– Да, мадам, король объяснил ей, чей это девиз, и сказал, что она не должна заставлять своих слуг носить эти ливреи. – Шапуи ликовал. – Она была убита!
– Жаль, что король не приструнил ее другим способом, – сказала Екатерина, макая хлеб в острый соус. – Взять, к примеру, последнее представление масок. Это был скандал. И король позволил ей сделать это.
– Когда-нибудь он устанет от ее выходок, а мы будем молиться об этом.
– Этот день придет не скоро! – с некоторой горячностью проговорила Екатерина.
В Рождество Екатерина вместе с Генрихом участвовала в традиционных торжествах в Гринвиче. Она очень обрадовалась, что Мария тоже была там, хотя ее весьма встревожил затравленный вид дочери и выражение страдания, которое появлялось на ее лице при каждом упоминании Анны Болейн или ее появлении. А та часто давала почувствовать свое присутствие, при этом проявляя мало почтения к королеве и принцессе.
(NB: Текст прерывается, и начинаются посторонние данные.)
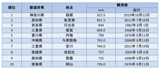 三重県と言えば、わが国有数の多雨地域で、降水量のランキングの上位に必ず登場する。たとえば、気象庁の日降水量ランキング(表1)では、第1位が箱根(神奈川県)の922.5ミリメートルで、以下、第2位が魚梁瀬(やなせ、高知県)、第3位が日出岳(ひでがだけ、奈良県)と続き、第4位に尾鷲(おわせ、三重県)の806ミリメートルが出てくる。第7位にも宮川(みやがわ、三重県)の764ミリメートルという記録が並んでいる。このような地域は雨に強く、大雨が降っても大きな災害にはつながりにくい傾向があるが、2004年9月ほどの豪雨になるとさすがに耐え切れず、重大な災害の発生に至ってしまった。
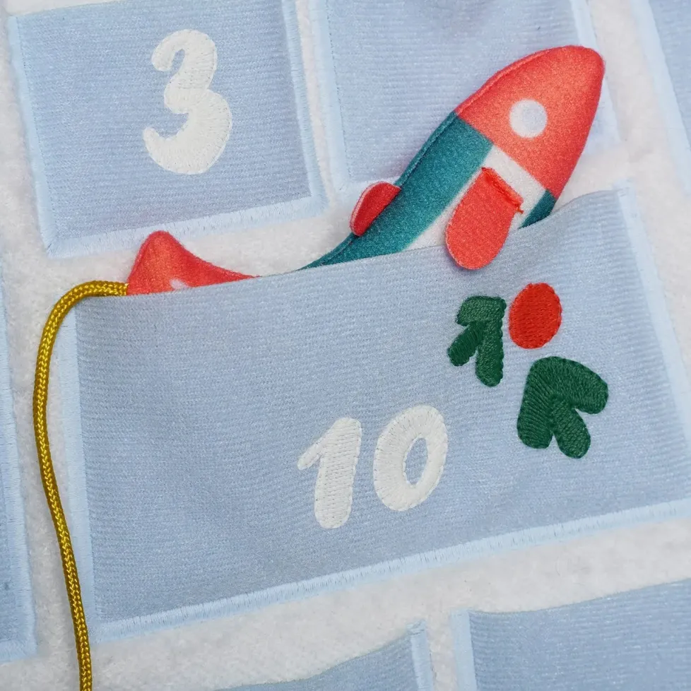 A Christmas countdown with a penguin twist. The Polly Penguin Advent Calendar features a soft plush design with 24 numbered fabric pockets, a tethered stuffed fish for marking the number of days till Christmas, and a loop atop the penguin’s head for hanging. Made from various soft fabrics, the penguin’s head, arms, and feet are plump with fluff. The calendar belly has no plush fillers but offers pockets for placing the attached fish or other small surprises. Fill your little one’s holiday with anticipation and wonder with this penguin-inspired advent calendar.

– Терпеть ее не могу! – вырвалось у Марии, когда они остались наедине с матерью. – Она злая женщина. Как может мой отец так поступать с вами, мадам?
– Ш-ш-ш, дитя! Вы не должны так говорить о своем отце и должны быть снисходительны к ней ради него.
– Матушка, вы обладаете терпением святой! – воскликнула Мария. – Я не могу быть такой, как вы, как бы ни старалась.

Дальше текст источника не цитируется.